*** Records shown ***
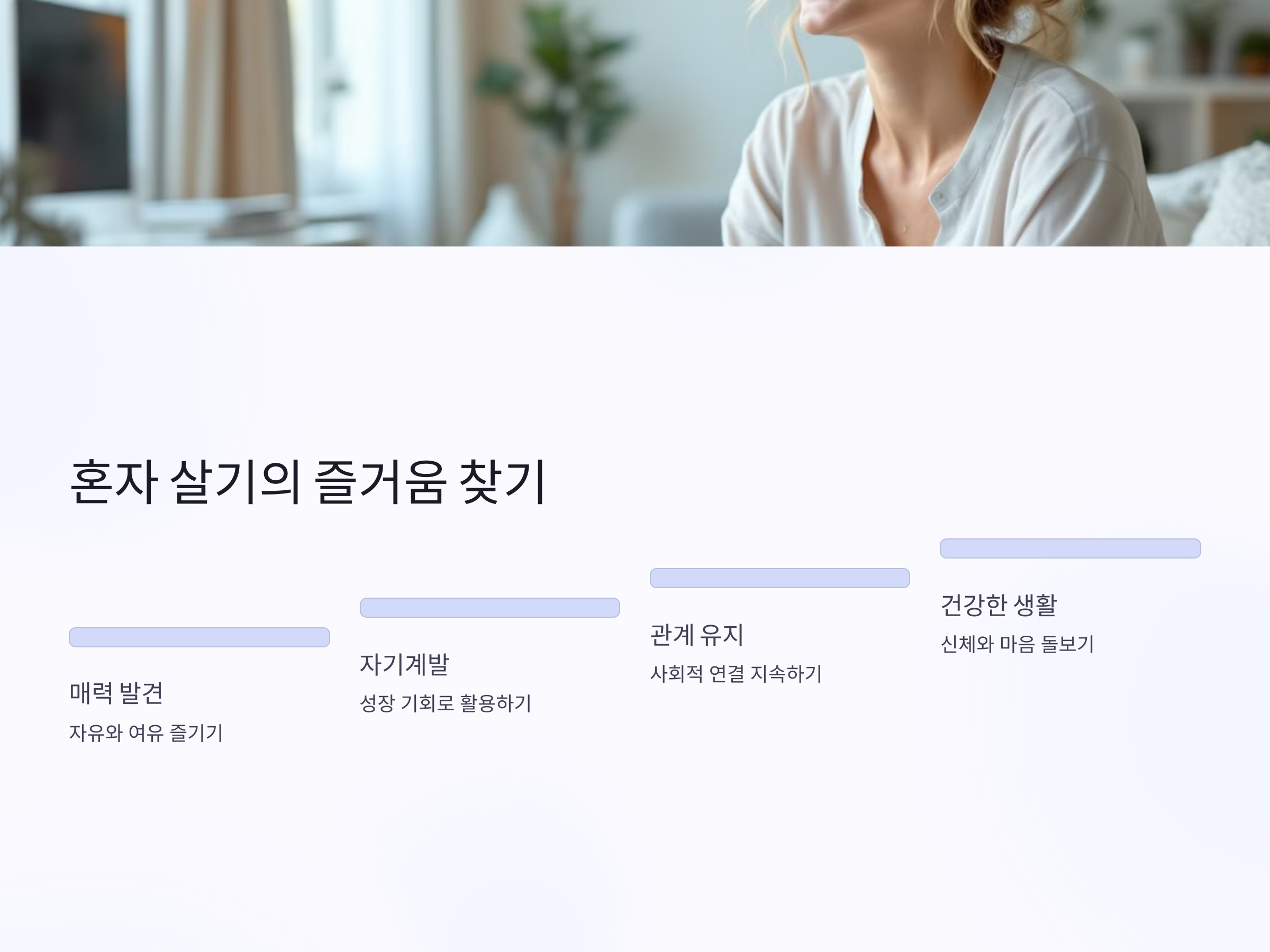 혼자 살면서 외로움을 극복하는 방법은 나만의 시간을 잘 보내고, 적극적으로 사회적 관계를 유지하는 데 있습니다. 일상 속에서 작은 변화를 주고, 자신에게 집중할 수 있는 방법들을 찾으면 혼자 있는 시간도 더 즐겁고 의미있게 보낼 수 있습니다. 그럼, 혼자 사는 동안 외로움을 덜 느끼고 더 만족스럽게 지낼 수 있는 방법을 함께 살펴볼까요?
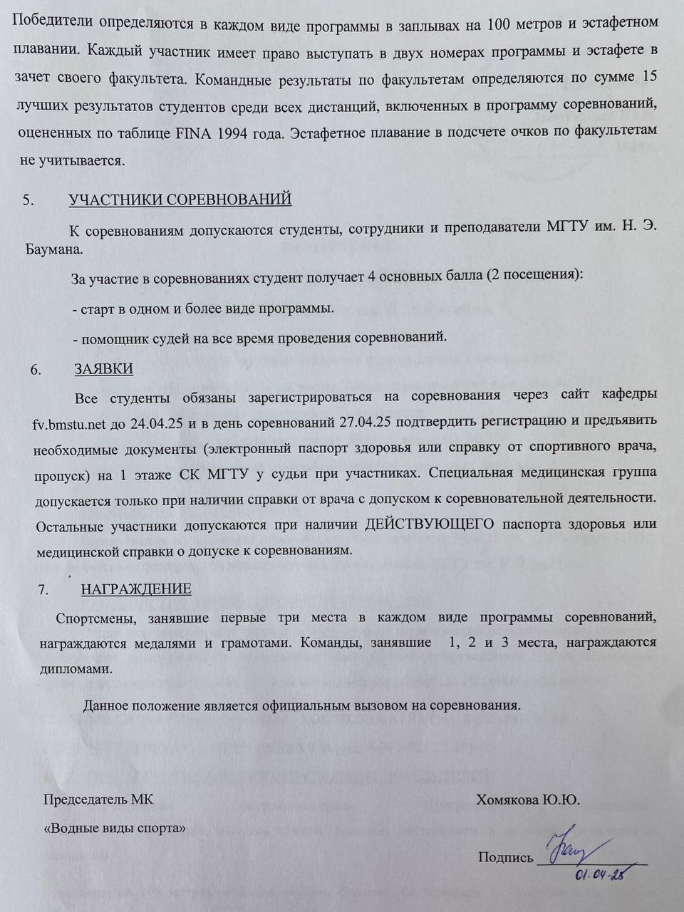 27.04.25 в бассейне СК МГТУ состоятся соревнования по плаванию. Всем студентам необходимо до 24.04.25 отправить заявку на участие в соревнованиях по ссылке.
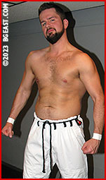 Belt chokes and aggression cedes to mutual respect, and finally nipple play, and a victory kiss after one particularly painful submission. Stripping out of their hot gis down to their underwear, the action starts to resemble many a sexy Kayden match, but this time it's Mason Broder who is sucked into his erotic vortex. This talented Spanish muscleman is becoming putty in the hands of BG East's erotic heel! His nipples get special attention and response. Alternating between punishing holds showing off their sweaty physiques, and humiliating bare feet on panting, exhausted faces, this match escalates into erotic territory with a combination of wrestling aggression and sensual enjoyment that showcases the best of both men, and a first for Mason Broder!
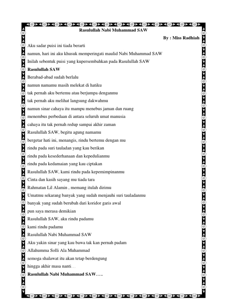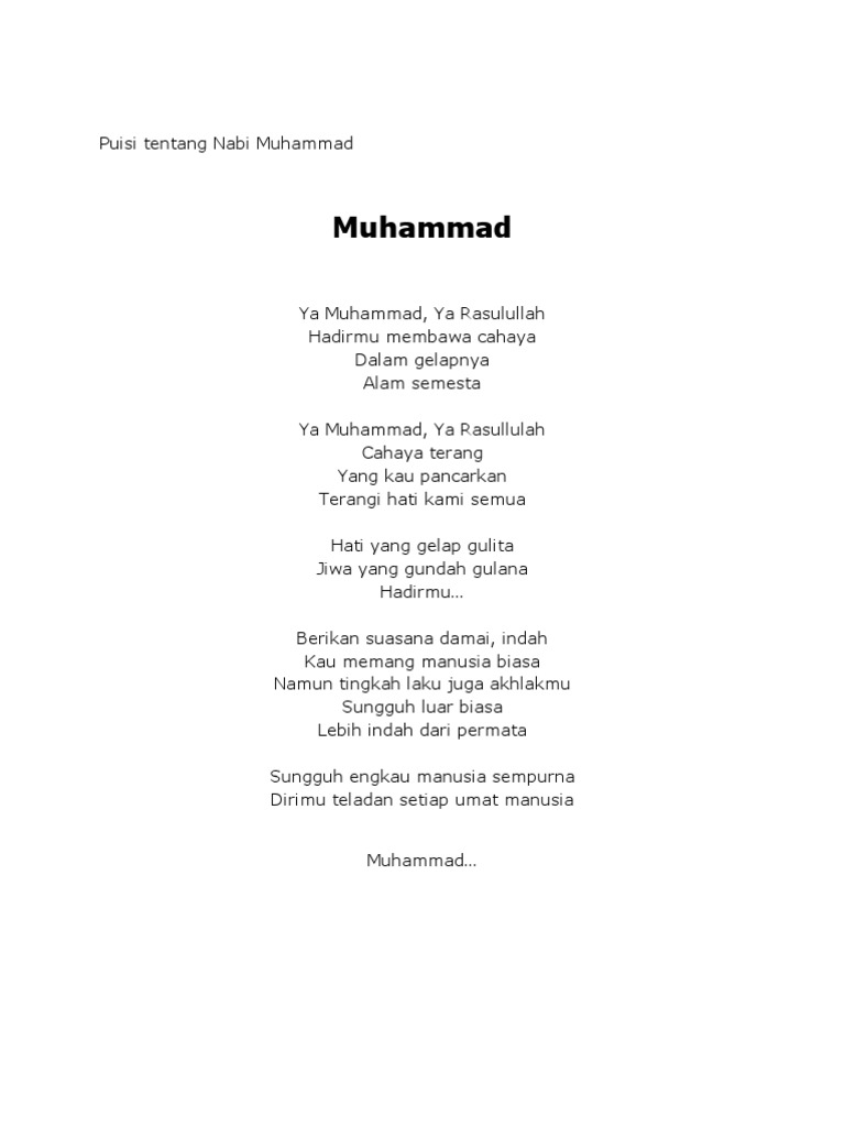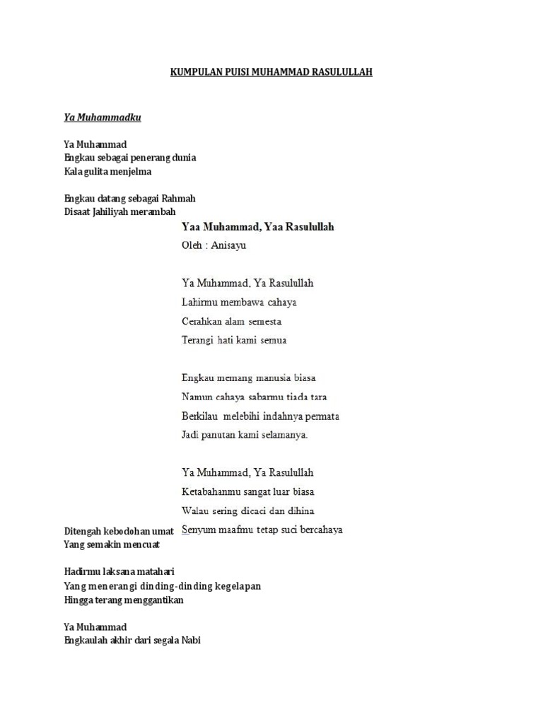 Nabi Muhammad Tauladan Seluruh Umat Puisi Untuk Nabiku Masih ingat tentang Makna Maulid Nabi Muhammad dalam Mencapai Kesuksesan merupakan artikel tentang pristiwa kelahiran nabi Muhammad SAW serta maknanya dalam kehidupan kita untuk mencapai kesuksesan. Apr 27 2017 Read Puisi HIJRAH NABI MUHAMMAD SAW from the story kumpulan puisi Islam by SitiCibitung Siti ardiyanti with 11915 reads. Umumnya pada saat puisi-puisi ini dibacakan orang-orang yang hadir bangkit berdiri dalam sikap penuh penghormatan terhadap Nabi Muhammad.
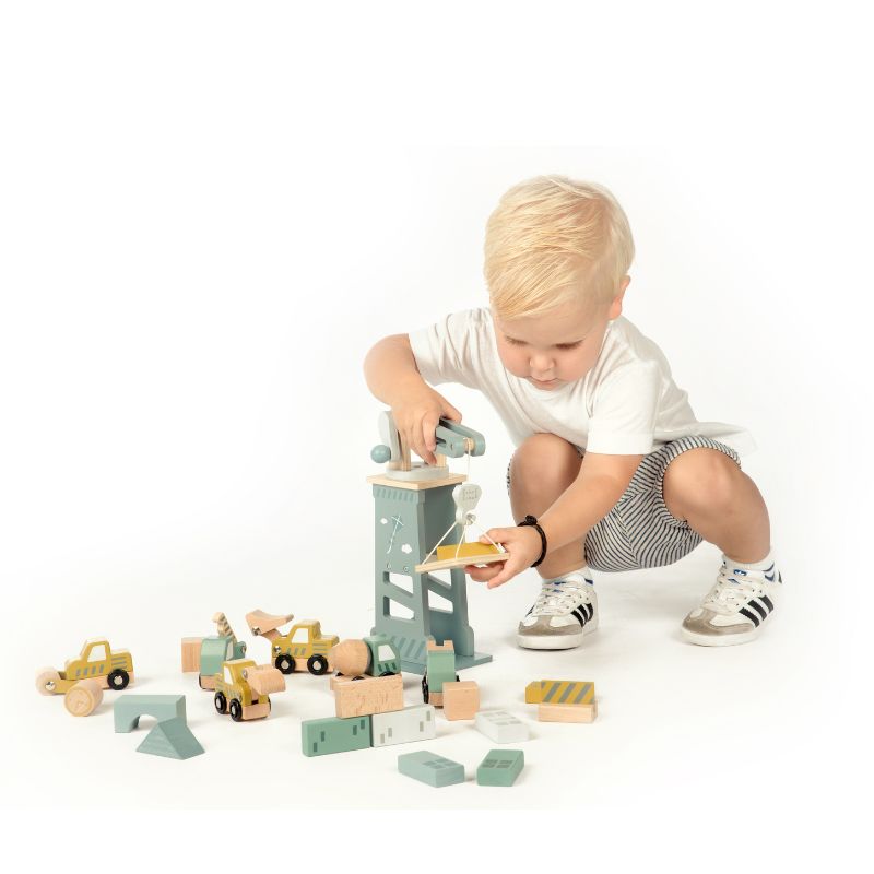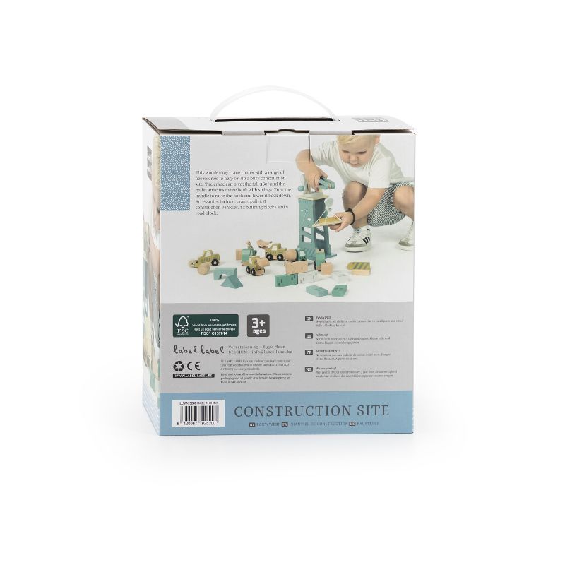 O espaço de brincadeira do seu pequeno transforma-se num verdadeiro canteiro de obras com este fabuloso guindaste de madeira e acessórios. Este canteiro de obras da Label Label é feito de madeira de alta qualidade certificada pelo FSC e decorado com lindas cores usando tinta à base de água, amiga das crianças. Todos os trabalhadores da construção civil em ascensão ficarão nas nuvens! Levantar e mover materiais com o guindaste, construir ou demolir casas, fornecer e remover materiais com camiões... Brincar ganhará uma dimensão totalmente nova. Seu pequeno se tornará um gerente de obra e deixará sua imaginação correr solta em novos projetos. Ao brincar com os 6 camiões, o seu filho dominará as diferentes técnicas de construção. Ao girar a manivela da polia, todos os blocos de construção pesados são levantados. O guindaste pode girar 360° para poder colocar tudo no lugar certo. Tudo muito movimentado...Além de brincar e construir, as crianças estimularão sua criatividade, imaginação e coordenação motora. Dica: com o conjunto de blocos de madeira Label Label você cria ainda mais diversão construindo!
*** End of Records shown ***
Exercise objective: An exact copy of the lines above, from the first through the line that holds "27.04.25 в бассейне", is what is needed; leave the pictures out.

The completed task:
 혼자 살면서 외로움을 극복하는 방법은 나만의 시간을 잘 보내고, 적극적으로 사회적 관계를 유지하는 데 있습니다. 일상 속에서 작은 변화를 주고, 자신에게 집중할 수 있는 방법들을 찾으면 혼자 있는 시간도 더 즐겁고 의미있게 보낼 수 있습니다. 그럼, 혼자 사는 동안 외로움을 덜 느끼고 더 만족스럽게 지낼 수 있는 방법을 함께 살펴볼까요?
 27.04.25 в бассейне СК МГТУ состоятся соревнования по плаванию. Всем студентам необходимо до 24.04.25 отправить заявку на участие в соревнованиях по ссылке.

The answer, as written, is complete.